B) Probability of burning
Whether a cell burns or not mainly depends on the spread rate. Slower fires are assumed to be more likely to go out due to local conditions (slow fires are most likely lower intensity, such as heading downhill, against the wind, across lower flammable types, etc.). The probability of burning is simply calculated as:
Pburning = SR ^ SR_BurnExp (eq. 5)
where exponent SR_BurnExp controls the relationship (linear, quadratic, …) between spread rate and probability of burning.
Fire suppression
Two distinct fire suppression strategies are implemented, both related to the concept of fire fighting opportunity. The first suppression strategy concerns opportunities generated in areas where SR is lower than a pre-specified threshold (SRThreshFF). The second suppression strategy is related to opportunities given by low fuel loads and consists in suppressing the fire whenever TSF is lower than a pre-specified threshold (TSFTreshFF). For any of the two fire suppression strategies, if a cell is said to burn but complies with the required condition it will not burn. However, the model allows the fire to continue spreading from that cell (but without effectively burning), so that areas that would have been reached via spread beyond the suppression opportunity point also do not burn.
Fire effects
Cells that are effectively burned have TSF set to 0. The fire extent is calculated as the number of cells that effectively burned plus the number of cells that would have burned but did not because of fire suppression of all burnable LCT cells reached via spread.
Figures
Figure 1: Two replicates of fire patches simulated by MEDFIRE in the period 1989 - 1999
Figure 2: Patches of observed and simulated fires (a): dark grey areas are recent burn perimeters which time since last fire is less than 15 years and light grey extension are ancient patches. The footprint of a simulated fire (b) which effective burnt area (light grey) does not reach all the target extension because of fire fighting opportunities generate suppressed areas (dark grey).
References
Castellnou, M., Pagés, J., Miralles, M., Pique, M., 2009. Tipificación de los incendios forestales de Cataluña. Elaboración del mapa de incendios de diseño como herramienta para la gestión forestal. In: Proceedings of the 5th Congreso Forestal Español. Ávila, Spain.

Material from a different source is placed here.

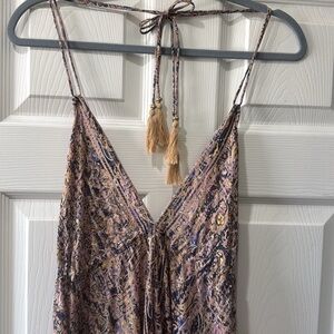 Very beautiful women’s maxi dress in great condition. No brand/size tag. Looks like S/M. It has metallic gold print on it.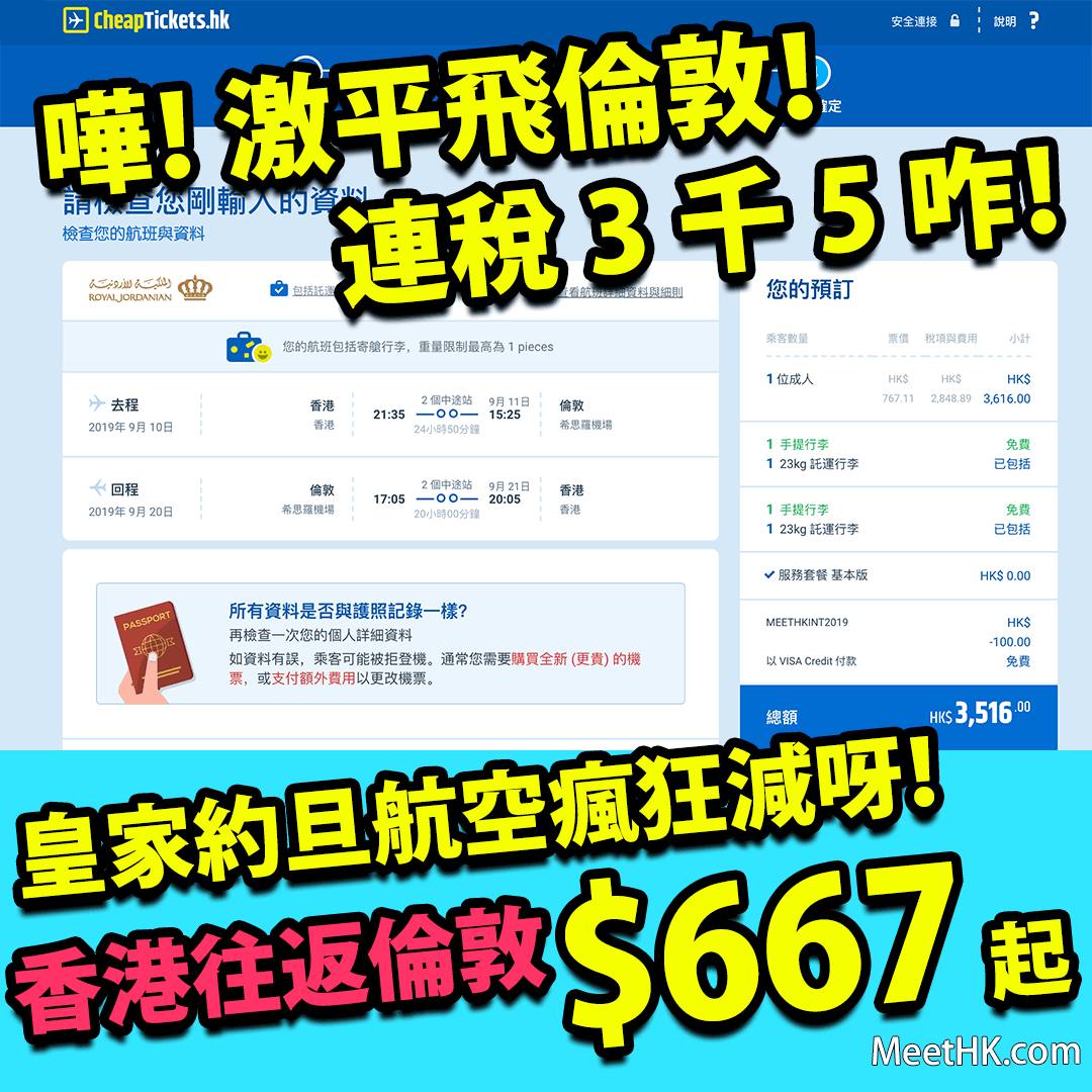 嘩嘩嘩!平飛倫敦話咁易!皇家約旦航空瘋狂減呀!連稅3千5!極少有!香港往返倫敦只需$667起 – 皇家約旦航空 (優惠至7月15日)

Loepfe, L., Martinez-Vilalta, J., Piñol, J., 2011. An integrative model of human-influenced fire regimes and landscape dynamics. Environmental Modelling & Software 26, 1028–1040.
Pausas, J.G., Paula, S., 2012. Fuel shapes the fire–climate relationship: evidence from Mediterranean ecosystems. Global Ecology and Biogeography.
Pennanen, J., Kuuluvainen, T., 2002. A spatial simulation approach to natural forest landscape dynamics in boreal Fennoscandia. Forest Ecology and Management 164, 157–175.
Piñol, J., Terradas, J., Lloret, F., 1998. Climate warming, wildfire hazard, and wildfire occurrence in coastal eastern Spain. Climatic change 38, 345–357.
Rothermel, R.C., 1972. A mathematical model for predicting fire spread in wildland fuels, USDA Forest Service Research Paper INT USA.